Gestation lasts 15 to 16 months. The first three to four months are spent with the blastula in suspended development before it implants itself in the uterus. This strategy of delayed implantation, common among pinnipeds, presumably evolved to optimize both the mating season and the birthing season, determined by ecological conditions that promote newborn survival. Calves are born during the spring migration, from April to June. They weigh 45 to 75 kg at birth and are able to swim. The mothers nurse for over a year before weaning, but the young can spend up to five years with the mothers. Walrus milk contains higher amounts of fats and protein compared to land animals but lower compared to phocid seals. This lower fat content in turn causes a slower growth rate among calves and a longer nursing investment for their mothers. Young may be suckled at sea as well as during long haul-outs, making walrus the only pinnipeds that exhibit aquatic suckling.
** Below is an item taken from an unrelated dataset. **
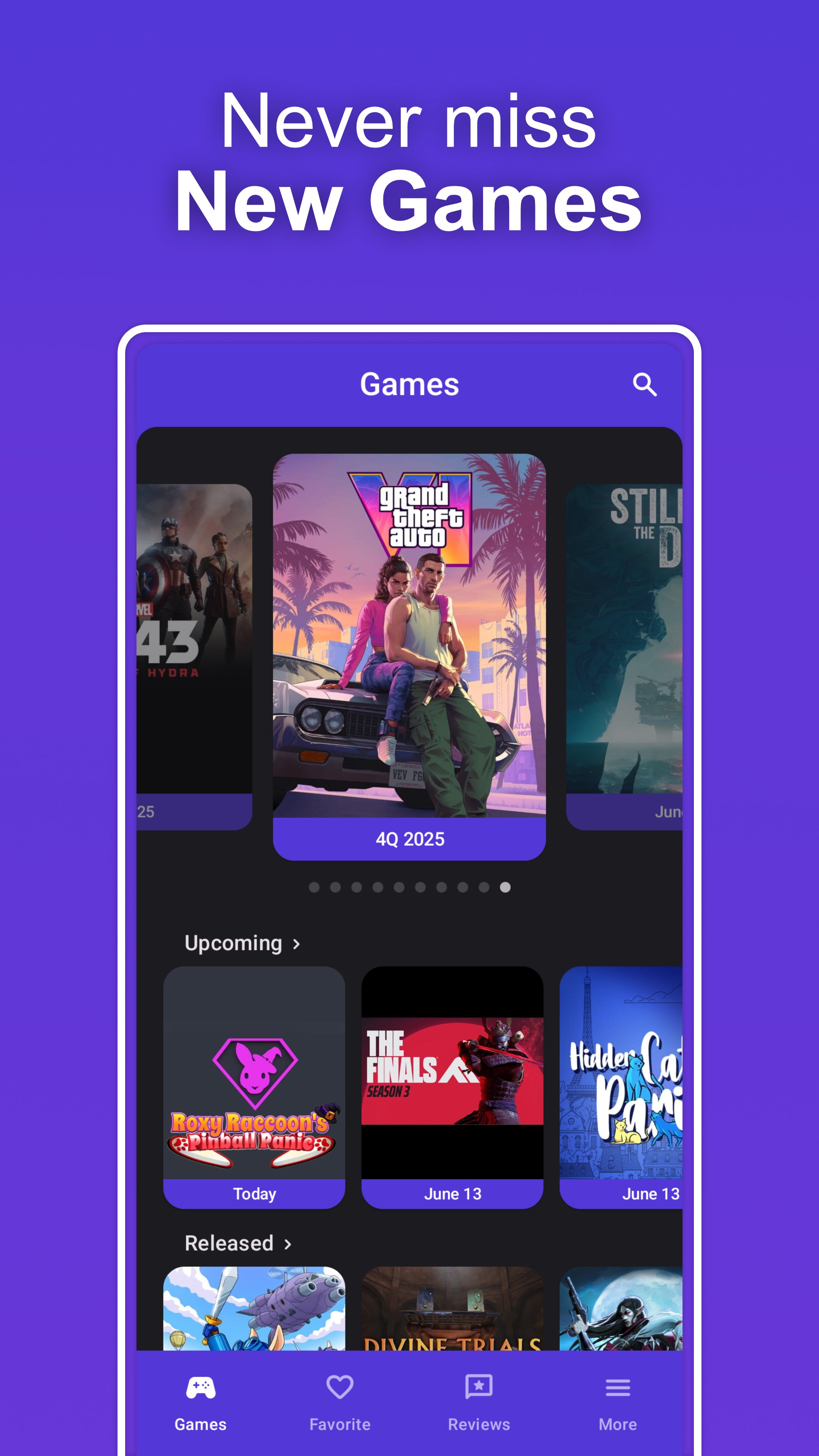 Simply favorite games you are looking forward to to keep track of and view these games in a variety of widgets.

Because ovulation is suppressed until the calf is weaned, females give birth at most every two years, leaving the walrus with the lowest reproductive rate of any pinniped. Male walruses may help inexperienced young as they learn to swim, and have even been recorded caring for orphans. When a group is threatened, all the adults may protect the young.

===Migration===
The rest of the year (late summer and fall), walruses tend to form massive aggregations of tens of thousands of individuals on rocky beaches or outcrops. The migration between the ice and the beach can be long-distance and dramatic. In late spring and summer, for example, several hundred thousand Pacific walruses migrate from the Bering Sea into the Chukchi Sea through the relatively narrow Bering Strait.

===Vagrancy===
Walrus are prone to long-distance vagrancy, particularly southwards from their current range. Between 1815 and 1954, 25 were recorded in Scotland, one in England, and one in Ireland, with a further six in Scotland and one in England from 1955 to 1986. They are more regular along the mainland Norwegian coast (not counting Svalbard, where they are resident), with 31 between 1900 and 1967.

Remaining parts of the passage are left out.